“Pro-life” Catholic colleges are all salty about a new law requiring insurance plans to cover birth control. Because even though 98% of Catholic women will use contraception at some point in their lives, and even though birth control is widely accepted in the medical community as an important preventative tool (and often an important treatment for a variety of medical conditions), male Catholic leaders have decided that a baby is a gift from God and expecting medical insurance to cover medication is like expecting pork to be served at a Jewish barbeque:
Senior Catholic officials said that students at Catholic universities should know what to expect, and that those who disagree with the policies can choose to go elsewhere. “No one would go to a Jewish barbecue and expect pork chops to be served,” Mr. Galligan-Stierle said.
Birth control for women of reproductive age: Kind of like expecting bacon at synagogue. Right?
This is an issue, of course, because Catholic colleges and universities don’t just cater to religious Catholic students. Institutions like Fordham in New York and Georgetown in DC are hardly hyper-religious centers of the faith, sought out by Catholic students seeking a Catholic education. The reality of those schools is that they have a diverse student body, and I would venture to guess that the majority of students are not practicing Catholics. It’s also a cold hard fact that birth control is widely used even among practicing Catholics.

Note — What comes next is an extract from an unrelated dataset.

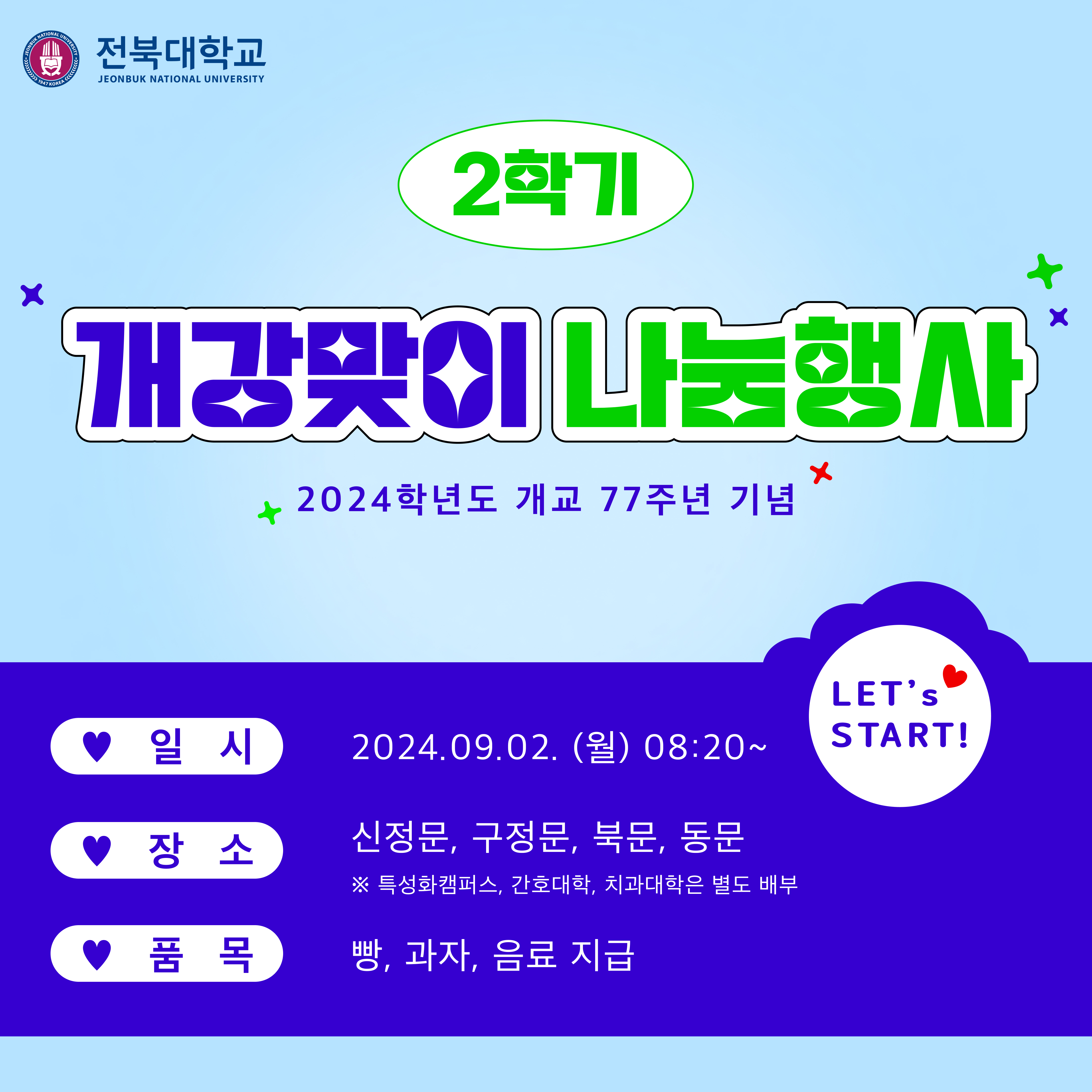 안녕하세요, 전북대학교 제56대 대로 총학생회입니다. 2024학년도 2학기 개강을 맞이하여 대학본부 주관 나눔행사를 실시합니다. 빵, 과자, 음료를 나누어드리니 많은 관심 부탁드리겠습니다.

The United States has one of the highest abortion rates in the developed world — that is in large part because of lack of birth control access. And if you’re a student who relies on your school insurance plan for coverage, that is often your only option for birth control. Yes, there’s Planned Parenthood, but Republicans are intent on getting rid of PP, too — and if you have health insurance, you really should be able to use it for the most common and necessary medications. Yes, there are condoms, but (a) they are not as reliable as hormonal birth control, and (b) they require that a male partner agree to use them consistently and correctly. While in my dream world all young women would feel entitled to demand that their partners use condoms and simply wouldn’t have sex with men who refuse (or who badger or guilt them), that isn’t the world we live in. And it’s women who end up paying the price.
Birth control is also medically necessary for many women. Take this woman, for example:
One recent Georgetown law graduate, who asked not to be identified for reasons of medical privacy, said she had polycystic ovary syndrome, a condition for which her doctor prescribed birth control pills. She is gay and had no other reason to take the pills. Georgetown does not cover birth control for students, so she made sure her doctor noted the diagnosis on her prescription. Even so, coverage was denied several times. She finally gave up and paid out of pocket, more than $100 a month. After a few months she could no longer afford the pills. Within months she developed a large ovarian cyst that had to be removed surgically — along with her ovary.
“If I want children, I’ll need a fertility specialist because I have only one working ovary,” she said.
How very life-affirming.
The Republican presidential candidates naturally fall on the side of “religion > bitches.”
But the Republican candidates have said that moral and religious values weigh heavily in birth control issues. Andrea Saul, a spokeswoman for Mitt Romney, said in an e-mail that he regarded the administration’s rule requiring religious employers to furnish birth control as wrong. “This is a direct attack on religious liberty and will not stand in a Romney presidency,” she said. Mr. Romney has also pledged to end a federal program, Title X, that provides family planning services to millions of women.
Mr. Santorum has taken the position that health insurance plans should not be required to cover birth control. He also favors allowing states to decide whether to ban birth control. He and Mr. Gingrich both support “personhood” initiatives that would legally declare fertilized eggs to be persons, effectively banning not just all abortions but also certain contraceptives, including IUDs and some types of birth control pills.
Mr. Gingrich wants to withdraw government money from Planned Parenthood because it performs abortions in addition to providing contraceptives, though the federal money cannot be used for abortion.
The emphasis on birth control over the past year or two is fascinating. Birth control has always been on the radar screens of the most extreme anti-abortion activists, but the hostility toward it in mainstream politics is relatively new. The vast majority of American women use birth control at some point in their lives. The vast majority of Americans support birth control access. The vast majority of Americans are able to put two and two together and recognize that more birth control equals fewer abortions. That opposition to birth control is now a mainstream GOP position — the fact that hostility to female autonomy and women’s rights have gotten this extreme, and are only headed rightward — should strike more than a little terror into all of our hearts.